E. L. Kirchner, "Nollendorfplatz"Valentina Savietto

Il volume A passeggio per Berlino (trad. di Vittoria Schweizer, Firenze, Passigli Editori, 2012, 126 p.) raccoglie una selezione di scritti di Joseph Roth (1894-1939), di piglio giornalistico-documentario. Il punto focale è legato all’esperienza berlinese maturata negli anni ’20 e si snoda su diciannove brani risalenti alla collaborazione con il feuilleton Berliner Börsen-Courier, la Frankfurter Zeitung, la Neue Berliner Zeitung, sino al periodo 1929-1930, che lo vide impegnato con il quotidiano Münchner Neueste Nachrichten e con Das Tagebuch. Gli articoli costituiscono i “negativi” di un album composito, bonario e al contempo incredulo, nel quale Roth tenta di catturare l’impressione provocata dai mutamenti nell’assetto della città. Vi si costruisce inoltre una mappa della Berlino dei cabaret e della malavita, i cui quartieri Wedding, Schöneberg o lo Scheunenviertel pullulavano di esuli ebrei provenienti da est, ma anche di mendicanti, prostitute e ladruncoli della più variegata provenienza geografica. Una subcultura decisamente multiculti.

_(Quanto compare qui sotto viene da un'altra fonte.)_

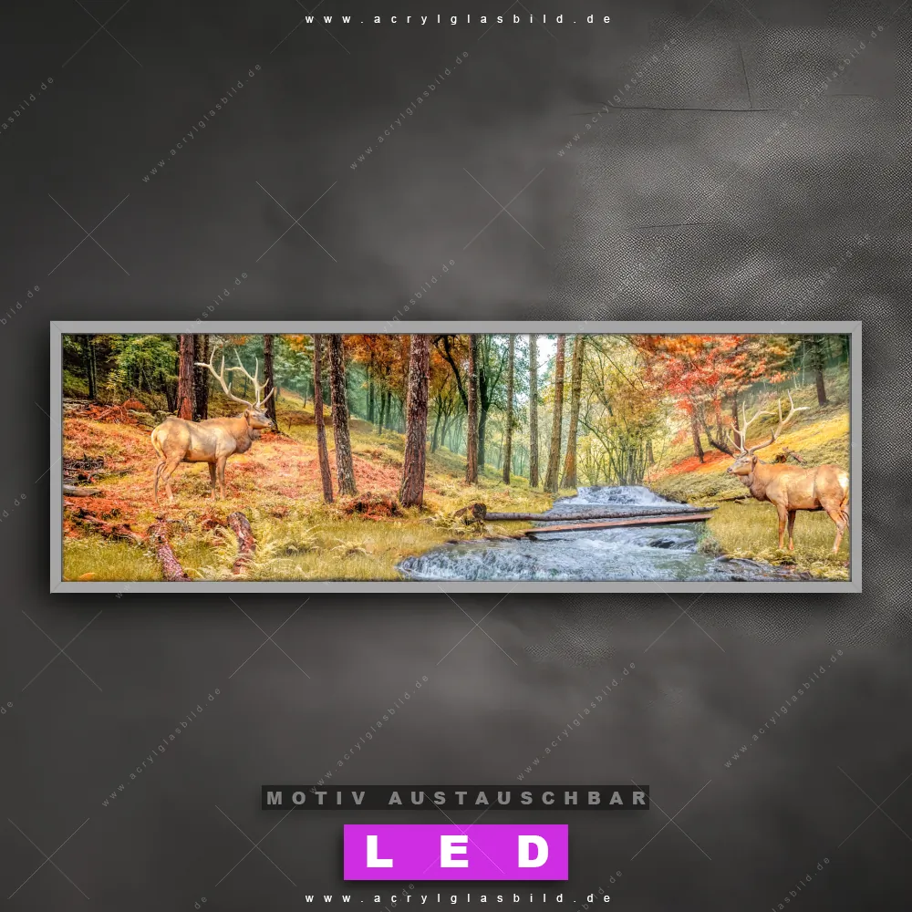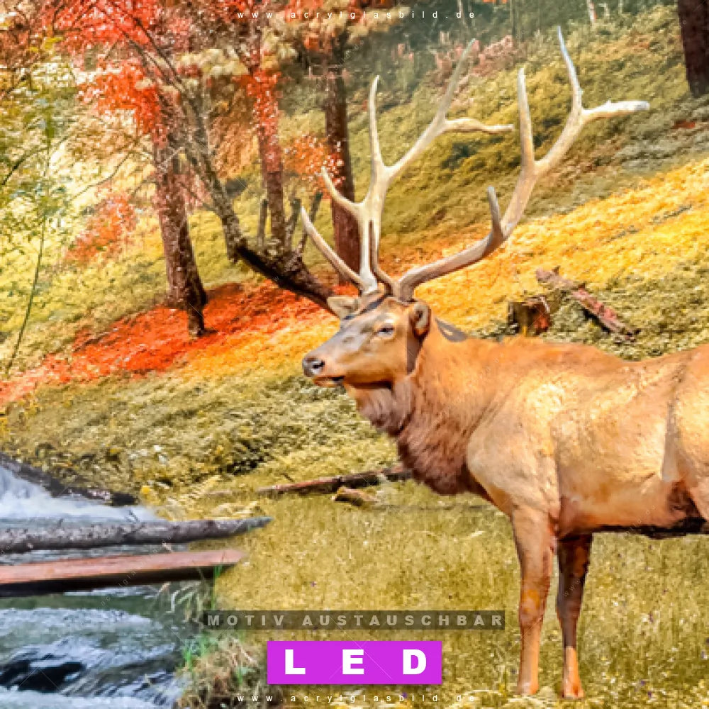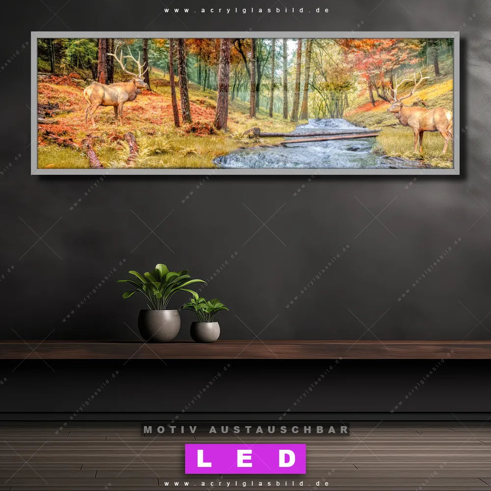 Wer will schon dunkle, triste Wände? Mit unserem LED Acrylglasbild Canvalight® DIA Herbstwald mit Hirschen und seiner fantastischen LED-Ausleuchtung werden deine Wände in Arzt - Praxis, Bar - Gastronomie, Büro - Kanzlei, Flur - Eingangsbereich, Wohnzimmer - Schlafzimmer zu echten Hinguckern. Wenn du auf der Suche nach einem beleuchteten Wandbild aus Acrylglas mit Wald, Landschaft, Bäume, Natur, Hirsch, Deer, Wild, Rotwild, Fluss, Strom bist, dann solltest du unser LED Leuchhtbild fließender Bach im Wald mit Wild mit den beeindruckenden Motiv-Farben Beige, Braun, Blau, Gelb , Grün, Hellblau, Hellgrün, Rot nicht verpassen. Gestaltet im angesagten Modern Art Stil, passt das LED Bild mit DIA-Klapprahmen und wechselbarer Acrylglas-Scheibe perfekt zu jedem Einrichtungsstil – selbst in deinem kleinen Dschungel aus Kreativität und Chaos!

Per tutto il testo, in stile prettamente paratattico, non si perde la sensazione di essere affianco all’autore nelle sue passeggiate o in ambigui ritrovi notturni. Benché la metropoli non sia mai riuscita a conquistarsi la simpatia di Roth, egli manifesta per i parchi, per la nuova architettura e soprattutto per i personaggi che vivono Berlino un’attenzione partecipe. I tipi umani colpiscono l’osservatore grazie alla loro dimensione mitica: così, Riccardo il rosso è il gobbo «defloratore» delle notizie fresche di stampa, non solo colui che vende i giornali quindi, ma un autentico «anfitrione della moderna letteratura» e al contempo un «mecenate». Roth riporta con tono asciutto storie scaturite da una miseria personale ed economica; egli sembra tuttavia a suo agio nel tour di questi dubbi Cafés, o ancora nei rifugi di Schöneberg, connotati come «un atlante etnografico aperto» (Il rifugio dei senza patria, p. 43). La collezione si completa con osservazioni, piuttosto laconiche, circa il rapporto dell’uomo moderno con la natura («L’europeo occidentale va nella natura come se andasse a un ballo in maschera», A passeggio, p. 9), l’industria del divertimento («L’unico scopo di tutto questo grottesco macchinario è quello di mostrare alle persone che confidano in esso la loro tragica inadeguatezza.», Fiera Primaverile, p. 71), la nascita dei grattacieli o la riapertura notturna dei bagni turchi, «cesura tra un baccanale notturno di poco conto e l’attività lavorativa quotidiana.» (Ai bagni turchi di notte, p. 87). Infine, il giornalista riporta alcune considerazioni sul ghetto e la sua atmosfera orientale, triste e singolare: gli ebrei appaiono a Roth in tutta la loro complessità, che viene caricaturata in un affresco ironico e intenso: «Ci vuole, credo, un vero amore divino per fare proprio di questo il popolo eletto. Ce n’erano tanti altri simpatici, condiscendenti e ben educati» (Il muro del pianto, p. 82).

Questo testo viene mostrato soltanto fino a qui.